Researchers at the USC Viterbi School of Engineering made use of artificial intelligence to scan books ranging from science fiction and adventure, to mystery and romance - across short stories, poetry, and novels.

The study outlined several methods for defining female prevalence in the literature. The researchers utilised named entity recognition, a prominent natural language processing method used to extract gender-specific characters.

The brain behind the research

"One of the ways we define this is through looking at how many female pronouns are in a book compared to male pronouns," said Mayank Kejriwal, a research lead at USC's Information Sciences Institute. Another technique is to quantify how many female characters are the main characters in it.

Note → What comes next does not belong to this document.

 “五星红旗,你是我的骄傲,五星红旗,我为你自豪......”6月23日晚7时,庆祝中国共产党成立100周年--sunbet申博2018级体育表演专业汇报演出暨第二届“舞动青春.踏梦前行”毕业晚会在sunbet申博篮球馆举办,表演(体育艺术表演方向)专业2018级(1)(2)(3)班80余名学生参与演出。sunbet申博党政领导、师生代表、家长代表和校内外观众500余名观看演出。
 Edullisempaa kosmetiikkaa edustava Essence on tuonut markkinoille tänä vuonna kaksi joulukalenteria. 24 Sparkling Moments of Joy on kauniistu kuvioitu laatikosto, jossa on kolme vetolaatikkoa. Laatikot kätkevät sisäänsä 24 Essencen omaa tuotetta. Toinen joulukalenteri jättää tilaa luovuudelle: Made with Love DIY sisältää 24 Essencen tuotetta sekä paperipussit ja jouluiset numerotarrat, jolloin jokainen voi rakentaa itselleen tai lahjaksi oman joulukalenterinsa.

How the research was conducted

In the study, the differences between male and female characters' prevalence were determined using three robust measures of prevalence, on a corpus of copyright-expired literary texts from the Project Gutenberg English-language corpus.

Using computationally replicable methodologies relying on modern natural language processing tools, it was found that female character prevalence is significantly lower than that of male character prevalence, although the difference declines (while still being significant) when controlling for the gender of the author.

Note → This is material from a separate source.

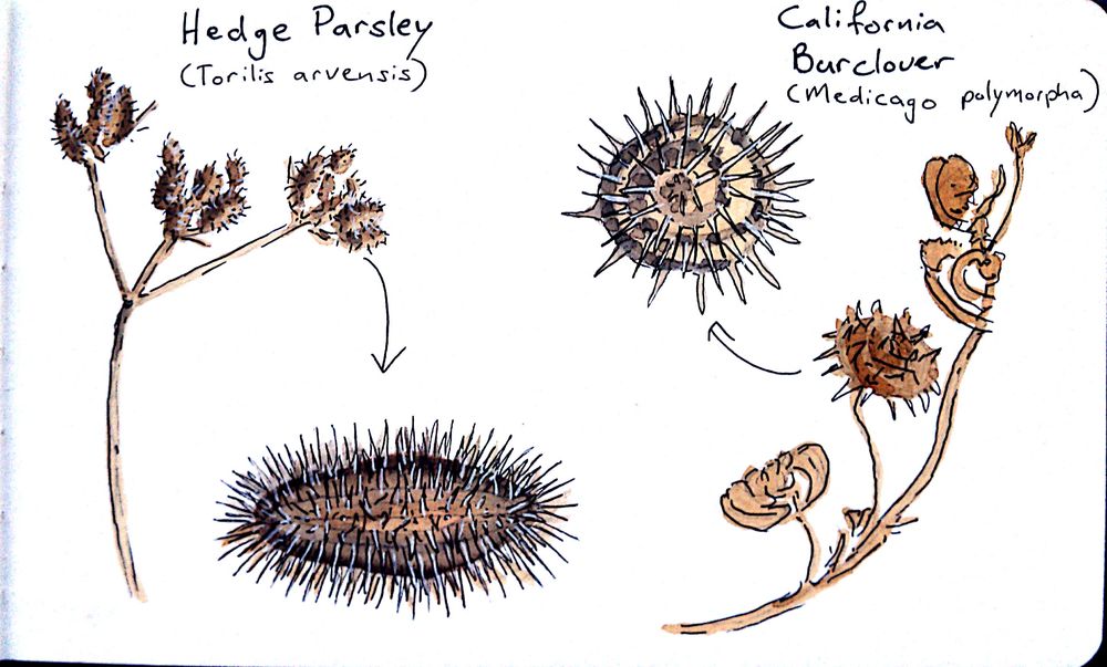 Jen and I went hiking today at one of our favorite spots and ended up on an unusually pestiferous nature walk. We saw two skittering lizards and a flock of quail, one little snake and a pretty good sized rattlesnake. More noticeably though, we were followed by a swarm of flies and snagged by an assortment of spiny hitchhikers.

It was also found that male character ratios have not varied much over time in the sample.

Akarsh Nagaraj, a co-author of the study, noted the importance of how their methods and the study's findings imparted them a greater understanding of biases in society and their implications.

There was a 4:1 ratio of male versus female main characters, the study found.

More negative terms associated with female characters, according to study

There were also more negative terms used in connection to the female characters such as 'weak' and 'stupid' compared to 'strong' and 'power' for men, according to the study.

On average, there are 32 (unique) male and eight female characters per male-authored book compared to 38 male and 21 female characters in female-authored books.

The female character prevalence did not change much over the years from 1800 to 1950, the study said.

The authors say research has continued to shed light on the extent and significance of gender disparity in social, cultural, and economic spheres, and more recently, computational tools from the natural language processing literature have been proposed for measuring such disparity using relatively extensive datasets and empirically rigorous methodologies.

They said in the study, they contribute to this line of research by studying gender disparity, at scale, in copyright-expired literary texts published in the pre-modern period (defined in this work as the period ranging from the mid-19th through the mid-20th century).

Challenges in the study

According to them, one of the challenges in using such tools is to ensure quality control, and by extension, trustworthy statistical analysis.

Another challenge is in using materials and methods that are publicly available and have been established for some time, both to ensure that they can be used and vetted in the future and also, to add confidence to the methodology itself, they added.